[Exercise directions] Leave every picture out, and print the full listing again exactly.

START Data below

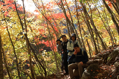 | 沢に下る道に入ると一層紅葉がきれいになる | 赤く色づいた木と紅葉がきれいな尾根 |
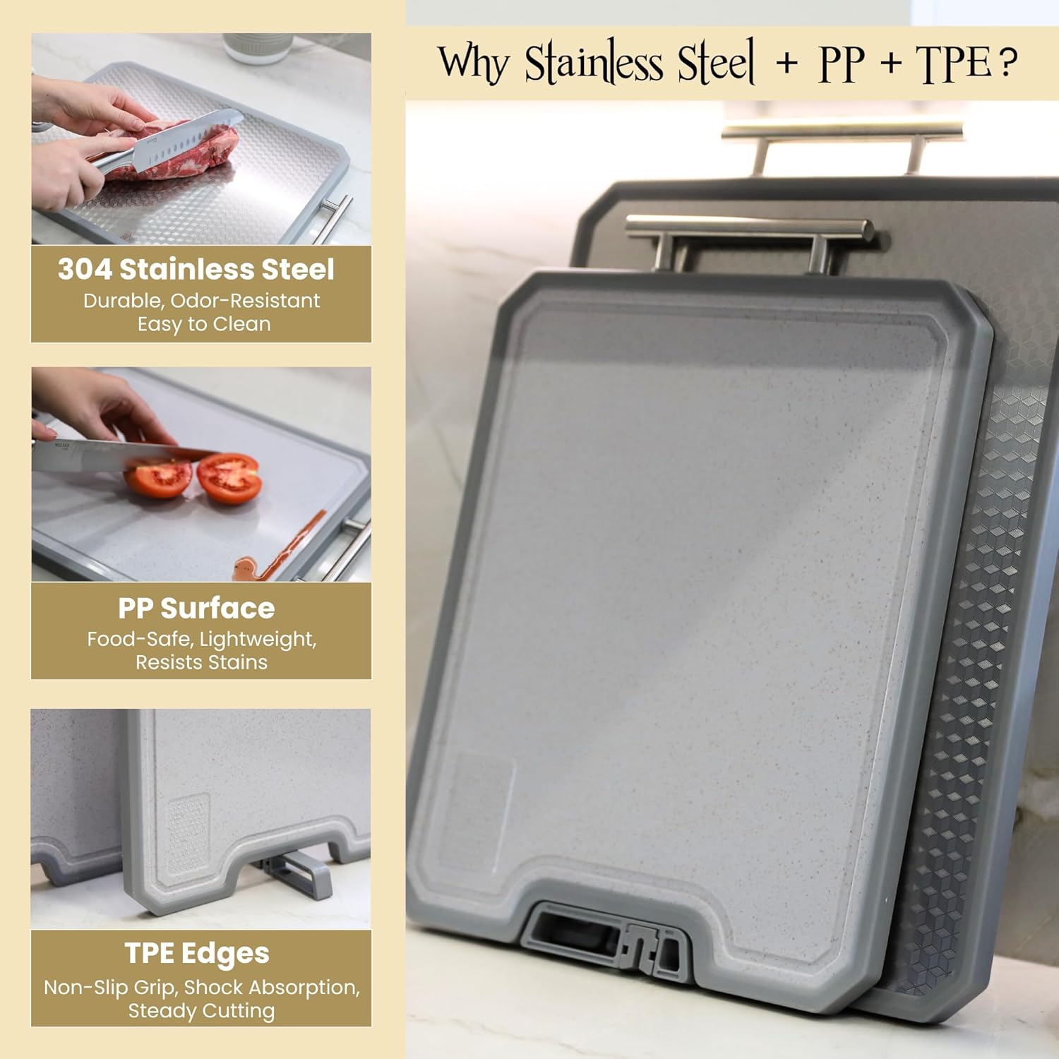 Stable, Mess-Controlled Cutting Surface: Non-slip edges grip your countertop so this steel cutting board stays put when you are breaking down poultry or chopping dense veggies; a deep juice groove around the PP side captures meat and fruit drips, helping your stainless steel chopping board keep prep tidy and organized.
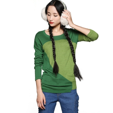 - 2015春款打底毛衫拼色毛衣 长袖套头针织衫 莺 蓝色
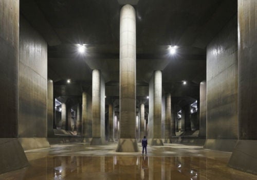 地下約50m、全長6.3Kmにおよぶ世界最大級の地下放水路、5つの河川から巨大な立坑に取り込まれた水は、調圧水槽(地下神殿)を通って、荏原の巨大な4台のポンプの力で江戸川に排水します。

END Data below

[Solved problem]
 | 沢に下る道に入ると一層紅葉がきれいになる | 赤く色づいた木と紅葉がきれいな尾根 |
 Stable, Mess-Controlled Cutting Surface: Non-slip edges grip your countertop so this steel cutting board stays put when you are breaking down poultry or chopping dense veggies; a deep juice groove around the PP side captures meat and fruit drips, helping your stainless steel chopping board keep prep tidy and organized.
 - 2015春款打底毛衫拼色毛衣 长袖套头针织衫 莺 蓝色
 地下約50m、全長6.3Kmにおよぶ世界最大級の地下放水路、5つの河川から巨大な立坑に取り込まれた水は、調圧水槽(地下神殿)を通って、荏原の巨大な4台のポンプの力で江戸川に排水します。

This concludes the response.